OUr ferret enclosure was damaged today and whoever did it let out all of our ferrets. I managed to find two but one is still missing and i fear he has been stolen.

Please if anyone finds a ferret in Irchester can they call 07970002319 and let us know. He is polecat colour (brown and white) and has a bald tail. He is also very large for a ferret.


----------



## SnazzyJazzy (Feb 4, 2012)

have you tried squeaky dog toys?

hope you find your lost baby soon x


----------



## DKDREAM (Sep 15, 2008)

im so sorry i hope he can be found.


----------



## Phoenix&Charlie'sMum (Oct 12, 2009)

Found!! Woo hoo, a lady brought him round at 10.30pm last night, as she found him in her sons bedroom!!!! 

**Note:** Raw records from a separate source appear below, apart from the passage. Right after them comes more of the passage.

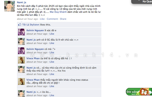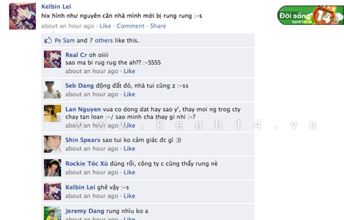 Rất nhiều teen đã ngay lập tức để stt FB về vụ động đất.
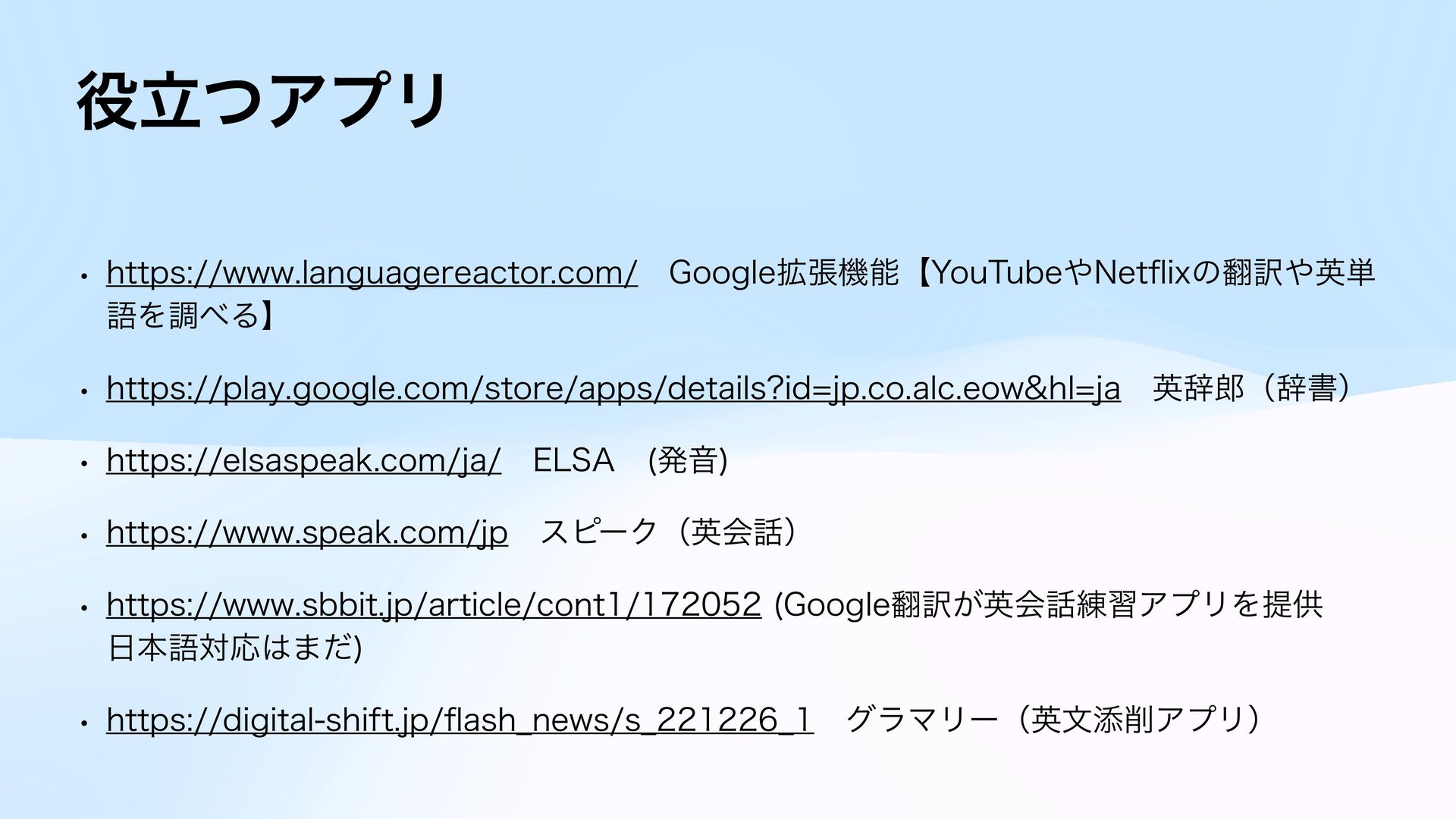 IUUQTFMTBTQFBLDPNKBɹ&-4"ɹ ൃԻ w IUUQTXXXTQFBLDPNKQɹεϐʔΫʢӳձʣ w IUUQTXXXTCCJUKQBSUJDMFDPOU (PPHMF༁͕ӳձ࿅शΞϓϦΛఏڙɹ ຊޠରԠ·ͩ w IUUQTEJHJUBMTIJGUKQ fl BTI@OFXTT@@ɹάϥϚϦʔʢӳจఴΞϓϦʣɹ
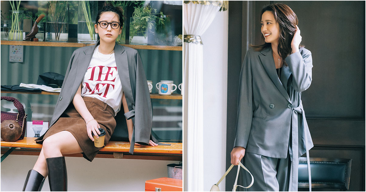 幼く見えがちなロゴT×ミニスカも品格ジャケットの投入で洗練度UP!
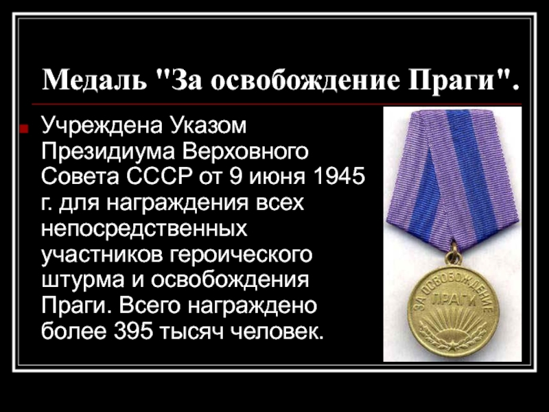 9 июня 1945 г. для награждения всех непосредственных участников героического штурма и освобождения Праги. Всего награждено более 395 тысяч человек.
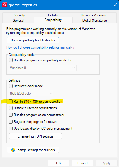 Display resolution issue: One right click on the Quicken Icon in your desktop>Properties>Compatibility>Uncheck the option: Run in 640 x 480 screen resolution.
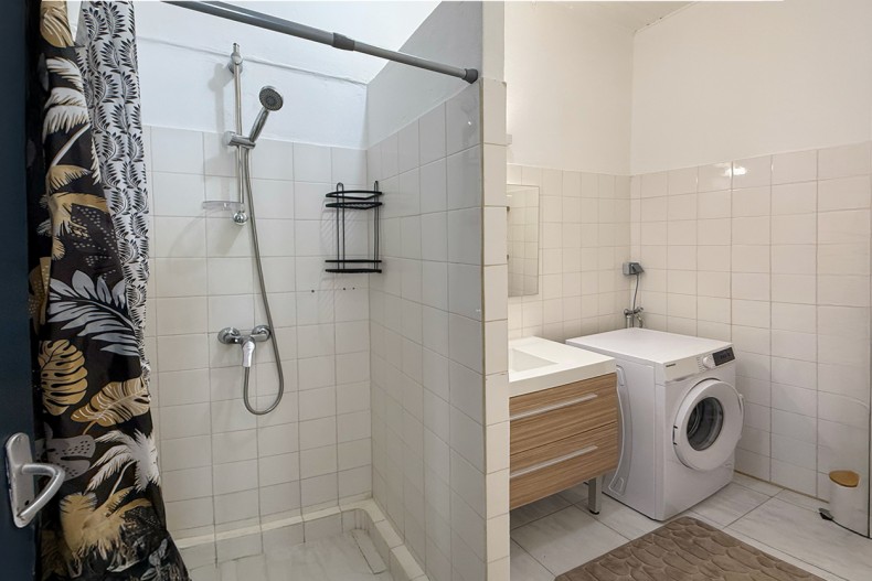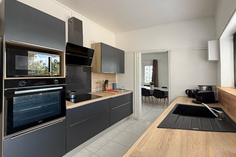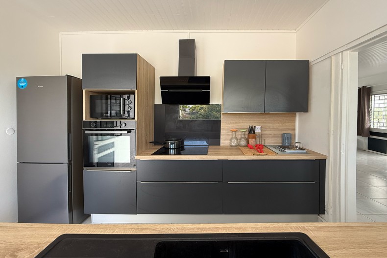 A modern, fully equipped kitchen: oven, microwave, stovetop, large fridge, full set of dishes… everything you need to cook just like at home.

The woman was totally mortified and has offered her son to repair our run. If im honest i dont want her son anywhere near my garden now! We will be fixing it oursleves and will ensure it is like fort knox!!


----------



## SnazzyJazzy (Feb 4, 2012)

im so glad he is home


----------



## thedogsmother (Aug 28, 2008)

Thats unbelievable , how old was the boy, and what is going to happen to him? Surely he will have some kind of punishment to stop him repeating such behaviour. Im so glad hes home though, I was really worried it was something more sinister (I think I read too many cruelty stories on here )


----------



## DKDREAM (Sep 15, 2008)

omg that is so wrong if he had taken him, had he actually broken in or did someone else and he found your boy and then took him in his bedroom?


----------



## Phoenix&Charlie'sMum (Oct 12, 2009)

I dont know how old the boy was. The mum was not at all happy and did say that her son wont be getting off lightly for this. TBH i dont entirely think she knew what had happened whether it was her son that broke in or it was his friends or someone else.


----------